Historically, market participation is still low, but there is a realization that energy commodities “correlate extremely well with inflation,” and if there is renewed concern about inflation, oil is a hedge that people seem to want, he added.

Moreover, the traders that traded the $70-$85 per barrel range – buying oil in the low $70s and selling in the high $80s, have decided to exit with the new range now breaking out, according to Muller.

Hedge funds and other money managers boosted their net long position – the difference between bullish and bearish bets – in crude oil futures and options in the week to April 2, data from exchanges showed. The combined net long in Brent and WTI, the most traded contracts, jumped to a six-month high, while the net long position in Brent Crude surged to the highest level in two and a half years, according to the data compiled by Saxo Bank.

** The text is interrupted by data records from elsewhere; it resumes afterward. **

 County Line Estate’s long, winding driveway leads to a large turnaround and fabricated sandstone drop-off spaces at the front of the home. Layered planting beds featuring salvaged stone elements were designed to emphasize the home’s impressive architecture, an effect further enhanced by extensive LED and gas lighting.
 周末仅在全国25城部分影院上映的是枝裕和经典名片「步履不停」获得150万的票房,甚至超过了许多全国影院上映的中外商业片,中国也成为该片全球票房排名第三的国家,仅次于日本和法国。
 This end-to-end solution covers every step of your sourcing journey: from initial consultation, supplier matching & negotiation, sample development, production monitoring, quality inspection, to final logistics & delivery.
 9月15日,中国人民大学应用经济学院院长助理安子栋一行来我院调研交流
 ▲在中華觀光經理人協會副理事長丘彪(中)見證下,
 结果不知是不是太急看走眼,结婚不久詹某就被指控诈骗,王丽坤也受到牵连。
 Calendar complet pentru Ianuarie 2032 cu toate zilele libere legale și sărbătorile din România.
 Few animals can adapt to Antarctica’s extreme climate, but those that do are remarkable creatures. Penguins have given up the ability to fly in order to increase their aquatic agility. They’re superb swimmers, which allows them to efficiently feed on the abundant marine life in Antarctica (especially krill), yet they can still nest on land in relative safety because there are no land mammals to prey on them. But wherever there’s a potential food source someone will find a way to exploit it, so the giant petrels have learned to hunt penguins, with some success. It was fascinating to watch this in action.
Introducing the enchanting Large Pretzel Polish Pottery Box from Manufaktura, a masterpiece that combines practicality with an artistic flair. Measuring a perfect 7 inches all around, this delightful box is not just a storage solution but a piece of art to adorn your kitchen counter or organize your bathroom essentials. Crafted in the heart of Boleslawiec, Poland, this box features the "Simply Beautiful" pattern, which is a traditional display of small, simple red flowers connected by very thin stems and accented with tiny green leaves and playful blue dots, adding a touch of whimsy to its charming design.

Oil may have room to run up to $100 a barrel, especially if OPEC+ sticks to its guns and rolls over the cuts further into the second half of the year when demand is expected to be very strong.

Vitol, for example, expects refined product demand globally to be “a lot, lot higher” in the second half, at around 2 million barrels per day (bpd) than in the same period last year, Muller told the Gulf Intelligence podcast.

“We’re not in any way petering out toward peak oil here,” Muller noted.

“We’re at one of the fastest year-on-year growth rates we’ve ever seen in the last 20 years of history.”

OPEC+ and Saudi Arabia could, of course, change the picture with supply and become tempted to use some of their spare capacity, especially if prices remain strong, analysts say.

Oil above $90 a barrel could start eroding demand, although there are no signs of this yet.

In addition, there is one geopolitical aspect of the OPEC+ cuts that shouldn’t be discarded lightly.

“We should never forget that Russia and Saudi Arabia have it in their hands to not only relax the market but to bring US gasoline prices up before the election,” Christof Rühl, Senior Research Scholar at the Center on Global Energy Policy at Columbia University, said on the same Gulf Intelligence podcast.

“Now I’m not a conspiracy theorist at all, but in this instance, I think the desire at least on Russia’s part to see Donald Trump win the election must be an overwhelming incentive,” Rühl added.

$100 oil could also be in sight, experts say.

The market is currently “on firm fundamental footing,” Bob McNally, founder of consultancy Rapidan Energy and a former White House adviser, told Bloomberg Television in an interview last week.

“I think $100 oil is entirely real — it just requires a little more risk pricing on the true geopolitical risk.”